Finally, notice the phrase at the end of the verse: and in Him there is no sin.  If we think logically about what John said just before this, we might come to the conclusion that since Jesus carried off our sin that it remains with Him still.  John wants to be sure we do not make this mistake of logic.  And so he adds to the image being painted in our mind’s eye.  After taking away our sin into the far reaches of spiritual reality, Christ did not stop there.  He removed the sin from us, took it out of the equation, and then He proceeded to eradicate it from existence.  It remains with Him no more resulting in His continued state of sinless perfection.

This is exactly what makes verse 6 true: No one who abides in Him sins; no one who sins has seen Him or knows Him.  Christ has physically carted away the sins of a person who has been brought into fellowship with Him, has regenerated them into new spiritual life, and has sent them a helper of no less importance than His own Spirit to be with them continually.  How can such a person, after having been united with the Godhead in this personal and intimate manner, engage in the practice and pattern of behavior described in verse 4?  It is unthinkable and utterly impossible.  By the same token then, one who does engage in the persistent, intentional, and personal sin of verse 4 cannot possibly see Christ or know Him precisely because He has not born the burden of their sin away from them and destroyed it.

There is yet a further point to be seen here.  And it’s a doozy.  John says that those who sin can neither see Christ nor know Him.  John is covering the whole range of possibilities relating to understanding with these two words.  Physical sight is in view as is mental vision.  And layered on top of this perception is understanding or comprehension.  Now, if unbelievers are incapable of this then the implication for believers is that they are in the reverse condition.  Believers can both see Christ and know Him intimately.

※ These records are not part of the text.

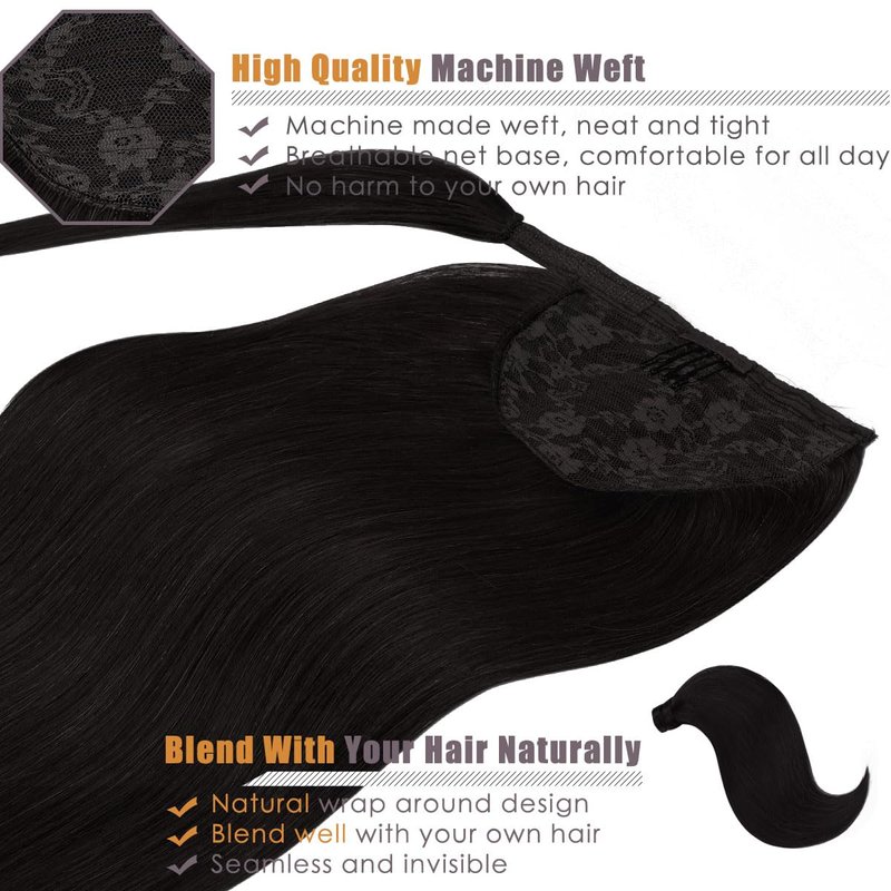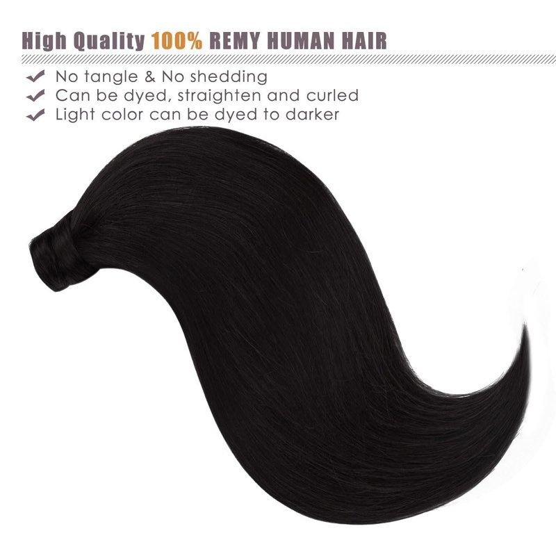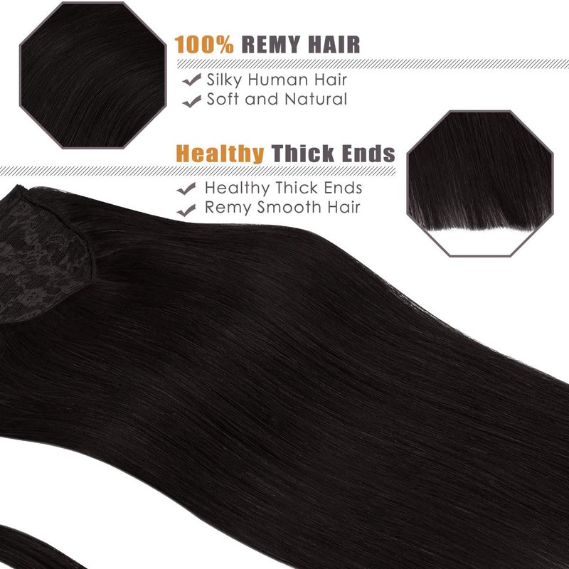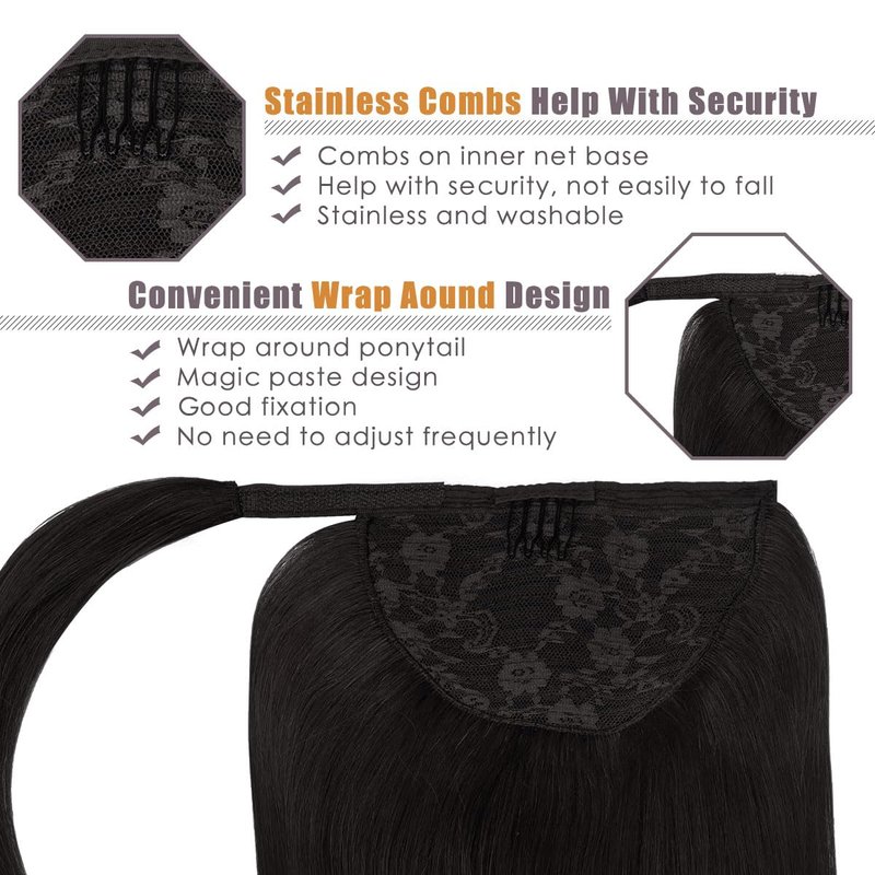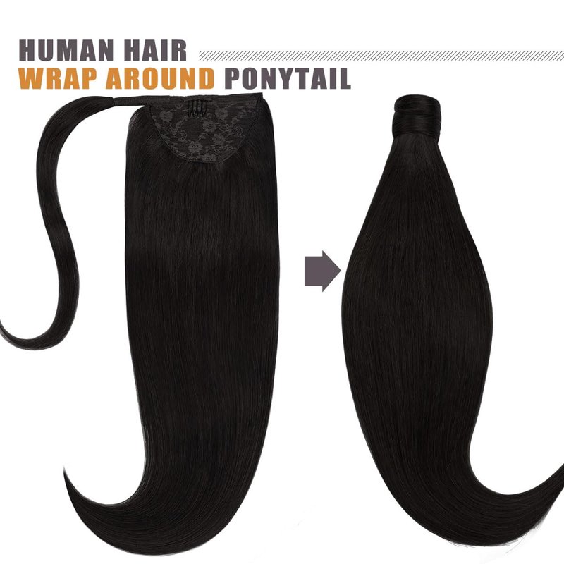 - ♥【Easy Install & Unique Design】— The Wrap Around Human Hair Ponytail Extension Comes with An Easy Install Clip-in Comb and Magic Paste with Hair Ties. It's Easy to Use! Just Clip In and Wrap It Around Your Ponytail to Get that Instant Length. This Ponytail Extension Has a Unique Hair Tie Design to Look It Like Your Real Hair. No One Knows Your Little Secret!
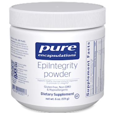 EpiIntegrity powder is designed to promote healthy modulation of mucosal immune response to support gastrointestinal (G.I.) integrity and function. Th2 modulation may be indicated when addressing immune balance in the G.I. tract. L-glutamine is an essential fuel for enterocytes (the cells that line the small intestine and colon), supporting cellular renewal, glutathione production and healthy, everyday tissue repair, while promoting healthy villous function. Arabinogalactan is a prebiotic fiber found in high concentrations in North American larch trees. It has been shown to increase the concentration of beneficial bacteria, such as Bacteroidetes and Faecalibacterium prausnitzii.Beneficial microflora are crucial for proper gut associated lymphoid tissue (GALT) function and development. Research suggests higher levels of F. prausnitzii are associated with healthy cytokine balance and G.I. function. In clinical trials, arabinogalactan has been shown to promote immune cell function. In a randomized three-week trial involving healthy adults, arabinogalactan potentiated the innate immune system, supporting key first-line defense. Perilla supports cytokine homeostasis of the G.I. mucosal tissue. In a randomized, controlled trial involving 50 individuals, 150 mg of Benegut Perilla frutescens extract twice daily offered statistically significant support for G.I. comfort.Research suggests that perilla also helps maintain cytokine balance and stabilize mast cells. Astragalus promotes cytokine balance and supports macrophage, natural killer (NK) cell and T-cell activity. Adaptogens like astragalus support physiological and cellular homeostasis and have positive effects on immune function and antioxidant defenses. Deglycyrrhizinated licorice (DGL) maintains intestinal comfort by supporting the protective mucosal lining.• Offers a unique broad-spectrum combination to promote healthy modulation of mucosal immune response to support G.I. integrity and function • Provides 2.4 g L-glutamine and 2.4 g arabinogalactan per serving • Great-tasting natural strawberry-lemonade flavored powder • Made with hypoallergenic, vegan ingredients Dietary Considerations Gluten FreeNon-GMO Serving Size: 1 Scoop Servings Per Container: 30 Amount Per Serving % Daily Value Calories 15Total Carbohydrate 2.5 g 1%Sodium (naturally occurring) 25 mg 1%Arabinogalactan 2.4 gL-Glutamine (free form) 2.4 gBenegut Perilla (Perilla frutescens) extract (leaf) 150 mgAstragalus (Astragalus membranaceus) extract (root) 200 mgDeglycyrrhizinated licorice (Glycyrrhiza glabra) extract (root) 50 mg Other Ingredients citric acid, natural strawberry and lemonade flavors, malic acid, purified stevia leaf extract Suggested Use As a dietary supplement, take 1 scoop, 1-2 times daily. Add 1 serving to 8 oz. of water or juice. Shake or stir until dissolved. Warning Not to be taken by pregnant or lactating women. If you have any health condition or are taking any medication, consult your health professional before use. Keep out of the reach of children.Use only if safety seal is intact. Packaged by weight, not volume. Settling may occur.
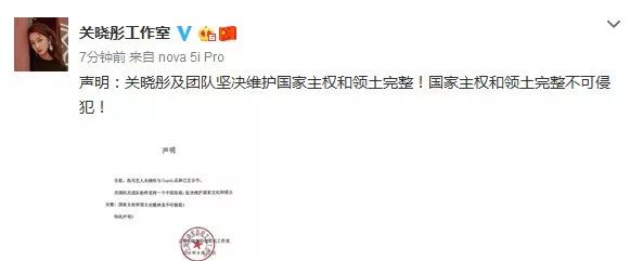 12日中午,关晓彤工作室也发布声明:“目前,我司艺人关晓彤与Coach品牌已无合作,关晓彤及团队始终坚持一个中国原则。”

But here is my question.  What exactly is it that redeemed people are seeing?  Jesus does not reside physically on earth at the present time.  His life is a matter of recorded history removed from us by two millennia of chronological separation.  My answer is that what we “see” when we behold the Christ is His works.  Consider John 14:10: Do you not believe that I am in the Father, and the Father is in Me?  The words that I say to you I do not speak on My own initiative, but the Father abiding in Me does His works.  It is the works that Jesus did that remain as a lasting testament to who He is.  It is these that enable us to know and understand Him when they are viewed through the lens of the indwelling Spirit of God.  So we could say quite accurately that Christ’s works reveal who He is.

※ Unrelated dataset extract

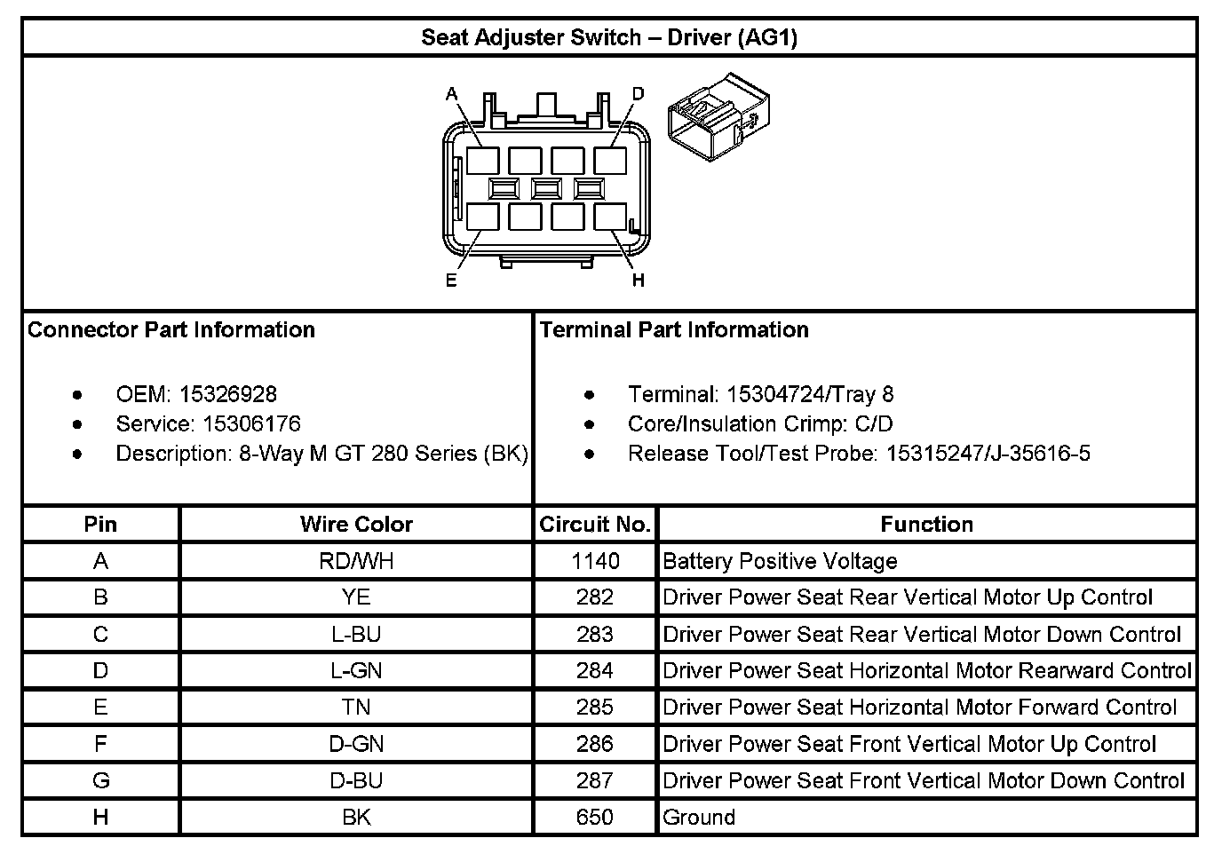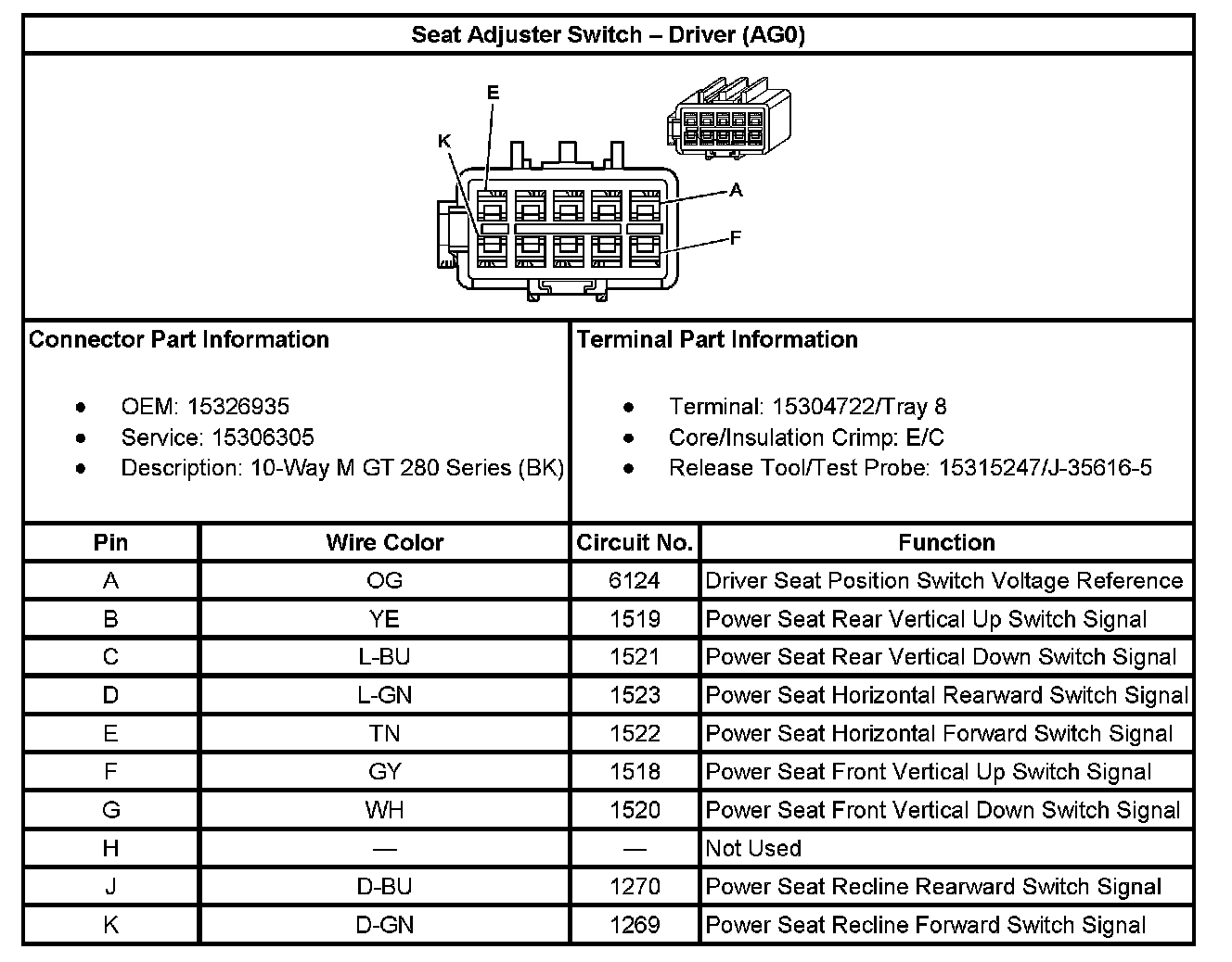 Seat Adjuster Switch - Driver (With RPO Code AG1):
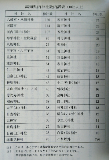 高知県のいくつかの住吉神社が浮かんだが、「資料を見てみないとはっきりは分かりません」と答えた。多いような、少ないような漠然としたイメージしかなかったが、『鎮守の森は今』(竹内荘市著、2009年)を開けば、神社数上位のランキング表があったので確認できると踏んでいた。

Perhaps you already see where I am going with this.  But in case you don’t here it is.  Just as the works of Jesus display for all to see His attributes and His nature, so do ours.  Jesus said it Himself in Matthew 7:20-21: So then, you will know them by their fruits.  Not everyone who says to Me, ‘Lord, Lord,’ will enter the kingdom of heaven, but he who does the will of My Father who is in heaven will enter.  If you are laboring under the foolish notion that because you are saved by grace through faith and not works (Eph. 2:8-9) it doesn’t matter how you live, then you need to give heed to this.  The conduct and manner in which a professing Christian lives, while not qualifying them for salvation, is critically important as a visible evidence of their salvation.

And this is not a grudging or joyless discipline of life where you mercilessly divest yourself of all the “fun” you could be having in order to live a life that is glorifying to God.  No, when you are truly born again and you begin to grasp the enormity of what God has done for you through the cleansing of Christ, there is only one appropriate response; heartfelt gratitude.  I cannot state it any better than King David in Psalm 28:7: The Lord is my strength and my shield; my heart trusts in Him, and I am helped; therefore my heart exults, and with my song I shall thank Him.  Your heart should leap inside your chest when you consider the providence and grace of God.  Your life should overflow with good works not out of obligation but out of gratitude.  This is why John has written the first ten verses of this chapter.  He is eager for you to gain a new appreciation and vision for the glory of God in both our rebirth in Him and our purification in Christ.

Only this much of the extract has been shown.